The U.S. Department of Justice is getting involved in the lawsuit between the Cruise Lines International Association (CLIA) against the state of Hawaii’s so-called “Green Fee,” which would go into effect on January 1, 2026, adding a new tax on all accommodations in the state, including cruise ships.
The Green Fee, hailed as the first piece of legislation of its kind in the United States and celebrated among Hawaiian environmental advocacy groups as a way to fund the conservation of the state’s natural treasures and climate disaster mitigation efforts, found its biggest challenge after its passage into law: taxing cruise ships.
Now, in a battle between short-term profit and long-term environmental goals, the Department of Justice is taking the side of CLIA, filing a motion to intervene in the lawsuit on November 13, which is currently under review, according to sister publication Travel Weekly.
CLIA issued the lawsuit on August 27, 2025 in the U.S. District Court in Honolulu, arguing that the new tax on cruise ships violates the Constitution’s Tonnage Clause and the Rivers and Harbors Appropriation Act of 1884, both which place limits for taxation on ships.
“Hawaii unabashedly boasts that this revenue is not for the purpose of paying for services actually provided to incoming cruise ships or their passengers, but for funding climate change initiatives in Hawaii,” the motion says. “This scheme to extort American citizens and businesses solely to benefit Hawaii flies in the face of federal law twice over, conflicting both with the Tonnage Clause of the U.S. Constitution and the Rivers and Harbors Appropriation Act of 1884.”
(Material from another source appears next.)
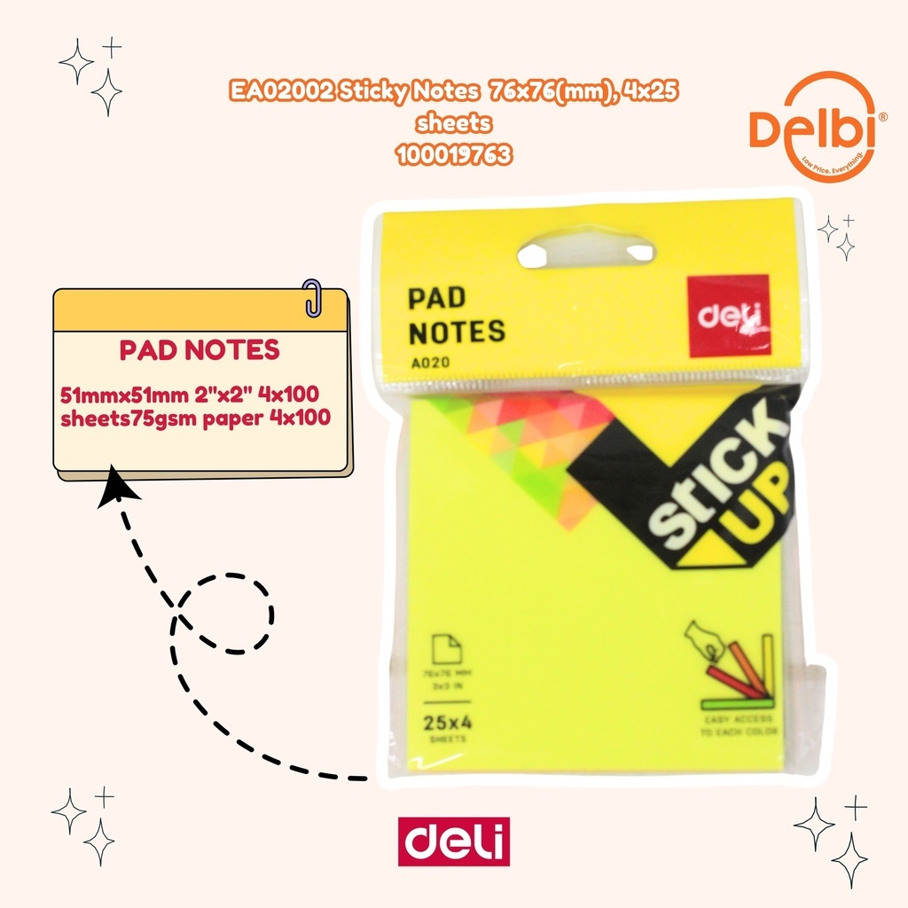 DELI EA02002 Sticky Notes 76x76(mm), 4x25 sheets BX12
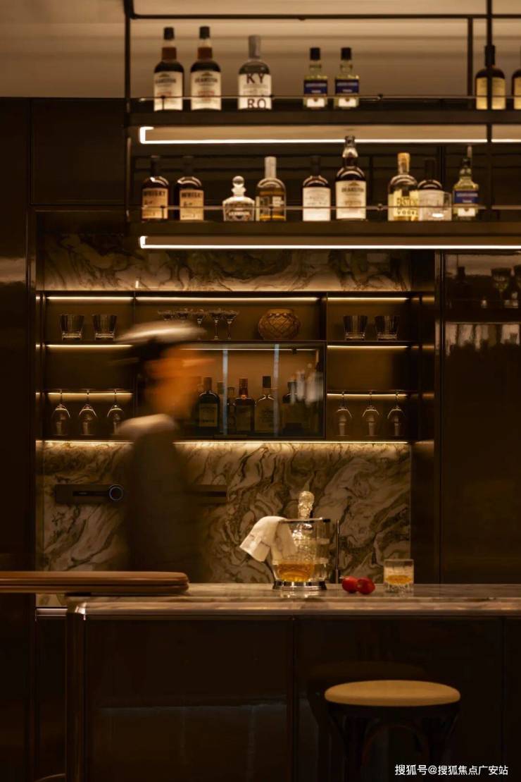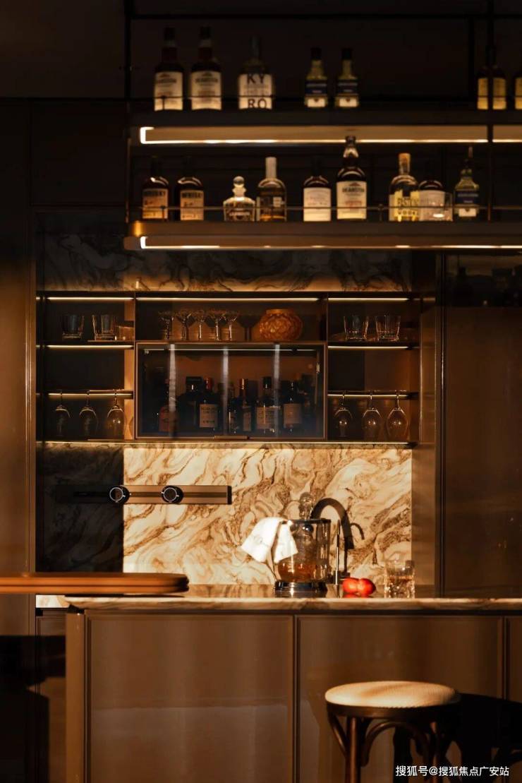 天然石材的精美花纹从外玄关延续到水吧台,与电视剧背景墙相互呼应,以连贯的材质语言完整包裹整个空间。

The lawsuit, however, has not been decided.
When CLIA threatened the lawsuit back in May, Hawaii Governor Josh Green and the Hawaiian legislature were overwhelmingly in favor of the new tax. Green said: “We had a $13 billion tragedy in Maui and we lost 102 people,” Green explained, referring to the devastating Maui wildfires that “These kind[s] of dollars will help us prevent that next disaster.”